The Critic
- April 2021 cover issue
- Editor: Graham Stewart
- Online Editor: Ben Sixsmith
- Associate Editor: Sebastian Milbank
- Former editors: Michael Mosbacher Christopher Montgomery
- Categories: Culture; Politics; Art; Literature;
- Frequency: Monthly
- Format: A4
- Paid circulation: 8,950
- Unpaid circulation: 10,704
- Total circulation: 19,654 (November–December 2020)
- Founded: November 2019
- First issue: November 2019
- Company: Locomotive 6960 Ltd
- Country: United Kingdom
- Based in: London
- Language: English
- Website: thecritic.co.uk
- ISSN: 2633-2655
- OCLC: 1140170196

= The Critic (21st-century magazine) =

21st-century British conservative magazine

The Critic is a British conservative (Note: Sources describing The Critic as conservative:) monthly political and cultural magazine. The magazine was founded in November 2019, with Michael Mosbacher, former editor of Standpoint, and Christopher Montgomery, a strategist with the European Research Group of Eurosceptic Tory MPs, as co-editors. It was funded by its owner Jeremy Hosking, a City of London financier and donor to Reform UK, the Conservative party, and Laurence Fox's Reclaim Party, who had previously donated to Standpoint.
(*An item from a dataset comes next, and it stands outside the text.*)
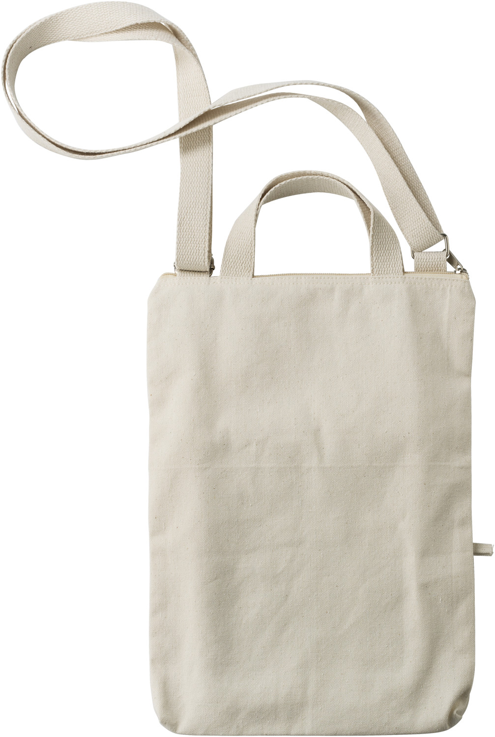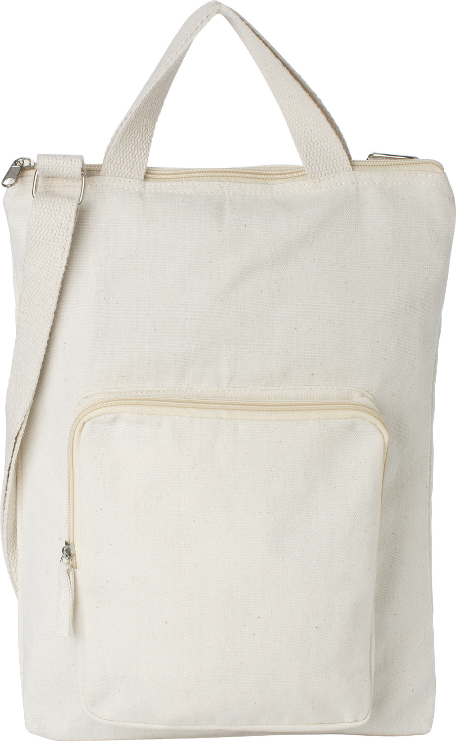 Laptoptasche aus Baumwolle (340 g / m²) (15 Zoll). Ein großes Fach mit Reißverschluss, kleine Fronttasche mit Reißverschluss. Zwei kurze Griffe und ein verstellbarer Schultergurt.

Contributors include David Starkey, Peter Hitchens, Douglas Murray, Toby Young, Patrick Kidd, Yuan Yi Zhu and Robert Hutton.

== History ==

Founding co-editor Michael Mosbacher said that Jeremy Hosking had been unwilling to continue funding Standpoint after its board resisted Hosking's demand for more "culture wars content". Mosbacher said of Hosking, "He's a strong Brexiteer, Eurosceptic and right-of-centre, but we are not trying to fit into that narrowly".

Mosbacher characterised The Critic as covering the cultural issues that underpin Brexit. The Times Literary Supplement described it as having a resemblance to The Spectator, with a mission "to criticize the critics". An editorial from the first issue in 2019 attacked "the closed mind", whose "high priests" are found in the universities, "the civil service, the BBC, the courts, the churches, the arts and the quangos". The Critic has been described as combining "more radical forms of populism and more communitarian forms of conservatism", and "[flirting] with the outer-most limits of respectable nationalism". It is considered to be opposed to net-zero targets, and "wokeness".
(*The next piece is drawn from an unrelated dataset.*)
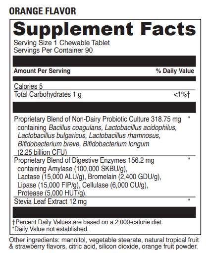 Mega Probiotic ND with Digestive Enzymes Chewable is a comprehensive and completely vegetarian supplement designed to support digestive tract function and nutrient absorption.* It contains non-dairy probiotics and a broad-spectrum of enzymes that work together to support digestion and GI tract health.* Mega Probiotic ND with Digestive Enzymes Chewable is vegetarian and ideal for people of all ages.* Each chewable tablet provides 2.5 billion beneficial microorganisms along with Amylase, Bromelain, lactase, Lipase, Protease and cellulose in a delicious, natural orange flavored chewable tablet.

In January 2020, Mosbacher said that the magazine planned to introduce a paywall if subscriber numbers increased to allow the magazine to become self-sufficient.

An April 2020 article by John McTernan, former political strategist for Tony Blair, encouraged Keir Starmer to purge "Corbynistas" from the Labour party, saying that "there's no problem with a witch-hunt when there really are witches to hunt".

In July 2020, after historian David Starkey was forced to apologise for an interview comment in which he referred to "so many damn blacks in Africa", The Critic decided to retain him as a columnist, expressing opposition to cancel culture. The Sunday Times noted that Starkey's column in the then latest issue of The Critic concerned Black Lives Matter.

== Reception ==
In his essay wishing success for the new publication, David Goodhart, founder of Prospect, remarked, "Does the world need another magazine of tastefully-written, somewhat contrarian, conservatively-inclined thinking? Probably not." Peter Wilby of the New Statesman responded, "I would say probably yes, so why do we never get one?"

Solomon Hughes in the Morning Star derided The Critic, along with Standpoint and UnHerd, as "rich men's megaphones", which in contrast to left-wing publications, "rely on millionaires more than actual readers". He said that such magazines are treated seriously by the mainstream press in part because of their "glossy" presentation, but more so "because they will pay a slumming mainstream journalist very well".

Josh White, writing in Battleground, said, "Any Conservative who is aggrieved by the lack of social cohesion in the wake of austerity may pick up the mag and feel his (usually his) prejudices reaffirmed".

openDemocracy criticised Hosking's opposition to net-zero, and that of the publications he funds, noting his substantial financial interest in the fossil fuel industry.